*** MATERIAL SUPPLIED Section Begins ***

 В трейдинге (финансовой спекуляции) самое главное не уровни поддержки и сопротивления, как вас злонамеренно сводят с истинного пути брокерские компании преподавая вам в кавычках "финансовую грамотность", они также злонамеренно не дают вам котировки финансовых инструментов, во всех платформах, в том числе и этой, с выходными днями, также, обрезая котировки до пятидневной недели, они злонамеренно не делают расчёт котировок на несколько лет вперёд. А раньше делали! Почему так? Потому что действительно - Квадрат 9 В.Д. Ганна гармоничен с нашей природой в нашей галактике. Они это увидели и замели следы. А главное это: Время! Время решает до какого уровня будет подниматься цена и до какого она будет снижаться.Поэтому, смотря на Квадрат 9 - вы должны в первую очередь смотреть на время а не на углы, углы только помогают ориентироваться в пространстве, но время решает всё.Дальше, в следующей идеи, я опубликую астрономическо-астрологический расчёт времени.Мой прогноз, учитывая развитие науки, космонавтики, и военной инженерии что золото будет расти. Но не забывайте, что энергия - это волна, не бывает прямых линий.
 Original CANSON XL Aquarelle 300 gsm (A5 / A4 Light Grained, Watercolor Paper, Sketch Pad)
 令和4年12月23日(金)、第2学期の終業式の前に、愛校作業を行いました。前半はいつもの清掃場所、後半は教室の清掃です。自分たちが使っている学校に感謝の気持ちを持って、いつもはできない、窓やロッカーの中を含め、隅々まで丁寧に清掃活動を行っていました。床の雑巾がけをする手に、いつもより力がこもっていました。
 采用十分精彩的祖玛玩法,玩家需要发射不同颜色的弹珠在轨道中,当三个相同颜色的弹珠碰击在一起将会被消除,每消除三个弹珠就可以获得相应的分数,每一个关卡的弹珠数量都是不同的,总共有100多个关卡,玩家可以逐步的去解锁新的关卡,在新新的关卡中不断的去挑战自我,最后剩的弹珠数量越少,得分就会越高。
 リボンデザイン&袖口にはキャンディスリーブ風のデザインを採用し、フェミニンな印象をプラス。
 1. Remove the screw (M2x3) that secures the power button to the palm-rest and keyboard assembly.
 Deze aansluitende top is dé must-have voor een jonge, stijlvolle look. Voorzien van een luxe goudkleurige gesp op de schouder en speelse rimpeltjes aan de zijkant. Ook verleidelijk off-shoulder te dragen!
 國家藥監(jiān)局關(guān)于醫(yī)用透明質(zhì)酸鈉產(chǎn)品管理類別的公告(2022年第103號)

*** MATERIAL SUPPLIED Section Ends ***
*** MATERIAL SUPPLIED Section Begins ***

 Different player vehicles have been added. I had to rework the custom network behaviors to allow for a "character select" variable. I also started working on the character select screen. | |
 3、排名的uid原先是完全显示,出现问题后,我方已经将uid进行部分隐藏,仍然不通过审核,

*** MATERIAL SUPPLIED Section Ends ***

▶ **TASK TO COMPLETE**:
Looking at the entries above, can you reproduce exactly the lines from the one that holds "リボンデザイン&袖口にはキャ" through the one that holds "國家藥監(jiān)局關(g", and only those?

▶ **TASK SOLUTION**:
 リボンデザイン&袖口にはキャンディスリーブ風のデザインを採用し、フェミニンな印象をプラス。
 1. Remove the screw (M2x3) that secures the power button to the palm-rest and keyboard assembly.
 Deze aansluitende top is dé must-have voor een jonge, stijlvolle look. Voorzien van een luxe goudkleurige gesp op de schouder en speelse rimpeltjes aan de zijkant. Ook verleidelijk off-shoulder te dragen!
 國家藥監(jiān)局關(guān)于醫(yī)用透明質(zhì)酸鈉產(chǎn)品管理類別的公告(2022年第103號)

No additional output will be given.